Considering that programming languages and tools are a component of technological solutions in the field of information technology (IT), this dimension or point of view is very important and useful for their analyses. There are different methods and approaches for technology studies and, indeed, it is a distinct scientific, research, and specialized field of study. Approaches to evaluating through technology studies include "application studies", "technology and eco-bio technology analysis, "technology future studies and analysis", "innovation, creativity and interdisciplinary studies", "evaluation based on industrial, commercial and organizational standards, requirements and procedures "and" evaluation based on adherence to rules and regulations".

**2.7. Evaluation based on the opinions of experts, users, and practitioners (developers)**

An evaluation view of tools, languages, and environments can be achieved by utilizing and summarizing the opinions of experts, users, and practitioners (developers). There are approaches for collecting and then systematically summarizing the opinions of experts. For example, in [7], a summary of the opinions of experts in a conference on "A Theory for Software Engineering" is presented, with an interesting technique and format used to summarize the opinions. For example, conceptual architecture has been derived from opinions.

A well-known approach for summarizing opinions and extracting coherent theories from the opinions of experts is "Grounding Theory", which has also been used in software engineering [8].

**2.8. criteria-based evaluation and analysis**

In this approach, a set of criteria is first defined or extracted for evaluation. Then, based on these criteria, the system, method, approach, language, or tool is evaluated [9]. This approach is one of the most widely used evaluation techniques in the field of software engineering.

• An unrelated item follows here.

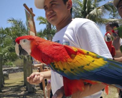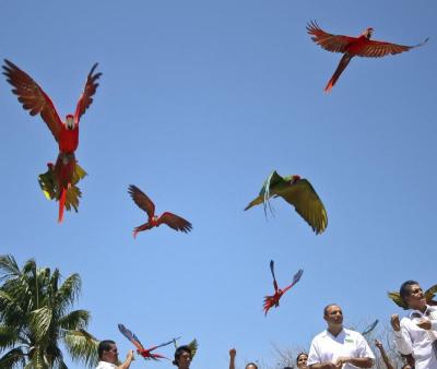 Hundreds of Scarlet macaws (Ara macaw) are released at Xcaret park, in the Mayan Riviera, near Playa del Carmen city, Mexico on April 25, 2013. The Xcaret park broke the Guinness Record for having 132 Scarlet macaws --a pecies in danger of extinction-- born in the same place

**2.9. Evaluation based on modeling perspective**

Real engineering is feasible without modeling. Models enable us to build computational, accurate, and calculated engineering artifacts. The elements of a general metamodel for the modeling problem include the system under study (SUS), the modeling point of view, the modeler, and the modeling language. Therefore, software engineering methods, tools, languages, and approaches can be evaluated based on these four basic components, which are inherent in the modeling problem.

- For what SUS does this language is suitable?
- What modeling points of view does the model support?
- Which modelers can do easily utilize this tool? And
- What is the mode of expression, symbolism, semiotics, semantics, structure, and construction of the modeling language?

In this area, the modeling perspective can be considered as one of the important aspects of evaluation. The classic and basic modeling perspectives in system engineering and software engineering include attributes, functions, structural and static perspectives (e.g., the main UML Class diagram), behavioral and dynamics perspectives (e.g., the main UML activity diagram), the generative perspective (e.g., generative grammars), the causal perspective (e.g., the cause and effect relationships diagram), the evolutionary perspective (e.g., the evolutionary appearance), and so on. The problem can be viewed from any perspective. The number of perspectives can be infinite in considering composite, multidimensional, and specific perspectives of the problem and scope.

One of the important perspectives for modern, complex, complex adaptive, and multi-agent systems is the perspective of "agents and coordination and interaction between them", which can be termed the coordination perspective. For complex systems (including human, organizational, physical, cyber, software, etc.) the protocol and the logic of interaction and coordination between the autonomous, orthogonal, interacting, and concurrent factors that play a role in the system should be somehow modeled. Furthermore, the logic governing the affairs and complexities of the system should be expressed globally and intersectionally.